8. Originally Posted by c00ps
Thank you. I obviously miscalculated.

So, if I know I have one pair in the 11 cards dealt, then is the probability of drawing a third to make a set:

14 choices left / 205 in the deck

$14/205 \approx 0.068$ ?
Not quite because you have at least one pair, not exactly one pair.

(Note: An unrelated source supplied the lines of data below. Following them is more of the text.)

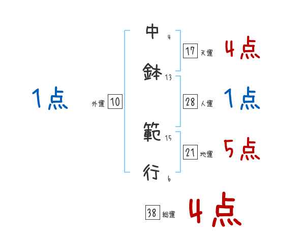 人運![]() | 中鉢範行さんの人運は28画の1つ星!家庭環境に注意。スポーツで活躍できる能力があるかも。 性格や才能などを表す2番目に重要な運勢です。人間関係や協調性、社会的な成功に影響します。主に20歳から50歳ぐらいまでの中年期の運勢を表します。 |
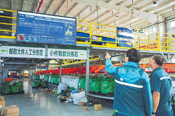 共配中心的大屏幕上,展示的是邮政新一代寄递平台,可查询人均揽收量、投递量、投递效率等信息,依据这些数据,能快速、直观地掌握生产作业情况。淅川县分公司揽投部经理罗新伟指着大屏介绍,三级物流节点的电子地图、每天进出口和各乡镇的业务量以及当日各品牌快递业务量占比等“客货邮”运营数据一目了然。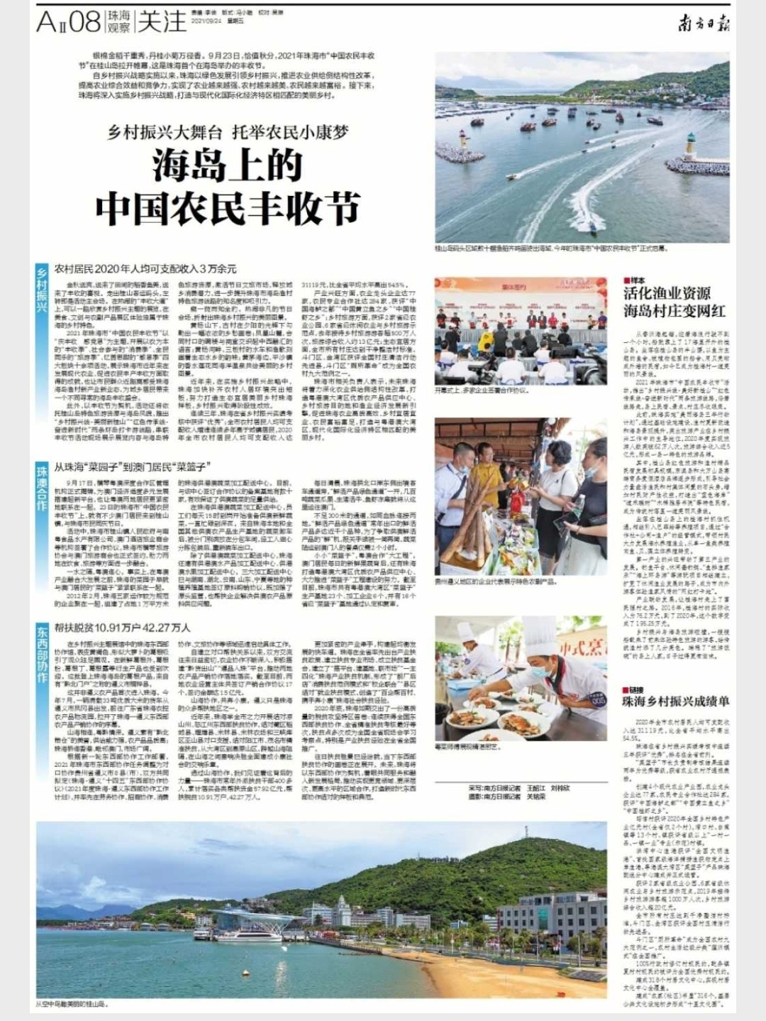 银棉金稻千重秀,丹桂小菊万径香。9月23日,恰值秋分,2021年珠海市“中国农民丰收节”在桂山岛拉开帷幕,这是珠海首个在海岛举办的丰收节。

The above would be right if you had one pair.

RonL

9. Originally Posted by Soroban
Hello, AGAIN, c00ps!

We will find the number of 11-card hands with no pairs.

There are two cases to consider.

(1) Eleven different values (no Joker).
. $13\!\cdot\!{13\choose11}(16)^{11}$ ways.

(2) One Joker and ten different valuies.
. $8\!\cdot\!{13\choose10}(16)^{10}$

Thus, there are: . ${13\choose11}(16)^{11} + 8\!\cdot\!{13\choose10}(16)^{10}$ hands with no pairs.

So: . $P(\text{no pairs}) \:=\:\frac{{13\choose11}(16)^{11} + 8\!\cdot\!{13\choose10}(16)^{10} }{{216\choose11}}$

Therefore: . $P(\text{at least one pair}) \;=\;1 - P(\text{no pairs})$

Where did the 13 go from step (1) for no Jokers when you brought the two together:

$P(\text{no pairs}) \:=\:\frac{{13\choose11}(16)^{11} + 8\!\cdot\!{13\choose10}(16)^{10} }{{216\choose11}}$

Thank you for all your help, this is very interesting.